## DATA SECTION:
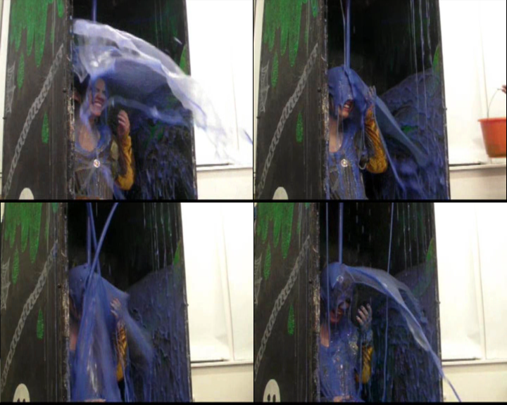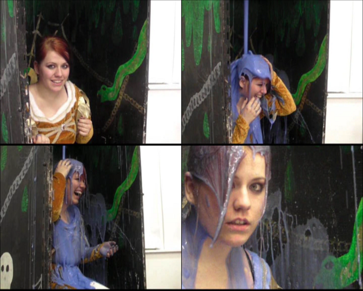 Backstage and SPX footage Race Against Slime – a Fantasy Adventure Game show produced with Lancaster University’s Student Television Station LUTube.TV. This was the fifth and final gunging shot specifically for the show’s title sequence. Some screen grabs and a link to the video on YouTube below. Read on if you’ve any further interest in the origin of the clip, the show it is from, why the hell there’s a costume involved and about other clips to come:
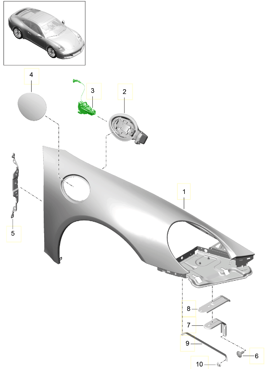 燃油加注口盖板执行器盖 - 黑色塑料。保时捷 991 Turbo / GT2 RS / 991.2 GT3 RS - 99150486000
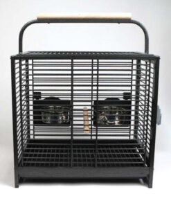 A useful travel cage for medium sized birds Has two feeding dishes Has a perch for resting on Suitable for African Grey, Conure, Quaker and more

## EXERCISE GOAL:
After locating the line with "燃油加注口盖板执行器盖 - 黑色塑料。保时捷" in the listing above, transcribe it and every line after it to the last, exactly, with no pictures.

## ANSWER TO THIS PROBLEM:
 燃油加注口盖板执行器盖 - 黑色塑料。保时捷 991 Turbo / GT2 RS / 991.2 GT3 RS - 99150486000
 A useful travel cage for medium sized birds Has two feeding dishes Has a perch for resting on Suitable for African Grey, Conure, Quaker and more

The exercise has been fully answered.